Quantcast
  • E-mail
  • Print
  • Comment
  • Font Size
  • Digg
  • del.icio.us
  • Discuss article

PATRICK MCILHERAN; Students Want to Know Why Learning's Wrong

Posted on: Sunday, 15 January 2006, 15:00 CST

By PATRICK MCILHERAN

School choice, the reform that soon could be crippled, started with an economist throwing around an idea: Suppose governments didn't try being the provider of education (they don't, after all, run grocery stores for the hungry) but just did the paying and let parents do the picking.

The debate's proceeded on an elevated plane: What is the nature of "public"? Does aid entangle state and religion in a way that student aid at Marquette University does not?

But choice in Milwaukee is now a matter of fact, not theory, and some of these facts, who are in school and ready to learn by 7:50 a.m., took time to talk to a columnist and pose questions anyone opposed to choice must answer.

The foremost: Why dim a child's prospects?

The students I visited learn at CEO Leadership Academy, at W. Roosevelt Drive and N. Atkinson Ave. Some had read a column I wrote about state Rep. Jason Fields' views on choice. They wanted their say.

Over and over, the high-schoolers questioned why anyone, by failing to raise the school choice enrollment cap and imposing a crippling seat-rationing plan, would threaten an education that works.

This answers critics who say choice is unaccountable: This school is working. If it weren't, the students would leave. Most had already done so elsewhere; they cite the disorderly surroundings or their own poor performance at other schools, usually in Milwaukee Public Schools, that led their parents to bring them to CEO. Their power to leave shows Milwaukee schools must now account to the people who have the most at stake: not taxpayers, but children and their parents.

Or just children, in the case of one boy who says he signed himself up when he couldn't learn at a previous school. His parents were indifferent, so when he heard about CEO, he got the needed forms and persuaded his father to sign.

CEO's director, Denise Pitchford, knows of at least one other student with a similar story. School officials contacted the father to make sure he consented, but it was the boy who took the initiative, just as other children told me how they get themselves up at 5 a.m., how they tell their mothers that, no, they'd rather not skip. They'd rather learn.

Think what it tells children who muster such will when they read that a rationing plan may well kick the chairs out from under them.

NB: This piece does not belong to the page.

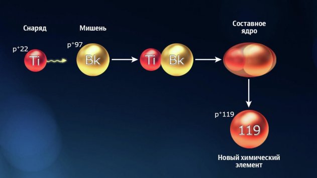 От столкновения титана (в его ядре 22 протона) с берклием (97 протонов) должен родиться 119-й элемент. Если взять в качестве мишени более тяжелый элемент — калифорний с номером 98, следует ожидать синтеза 120-го элемента. Именно этот элемент рассчитывают открыть первым, поскольку изотоп калифорния-251 уже подготовлен американскими коллегами из Национальной лаборатории в Ок-Ридже. Хотя на практике не все так просто, на поиск ядер и реакции, в которой образуется новый сверхтяжелый элемент, могут уйти годы.

That answers another of the critics' claims: that these poor children and parents are intellectually unequipped to make a decent choice. To the contrary, the students point out that their parents or grandparents or aunts or themselves are fully capable of understanding that they're earning A's and B's now rather than F's. They can distinguish eagerness to learn from truancy and indiscipline. They see children, once failing, now reading "The Scarlet Letter" and calling teachers at home for help and getting it.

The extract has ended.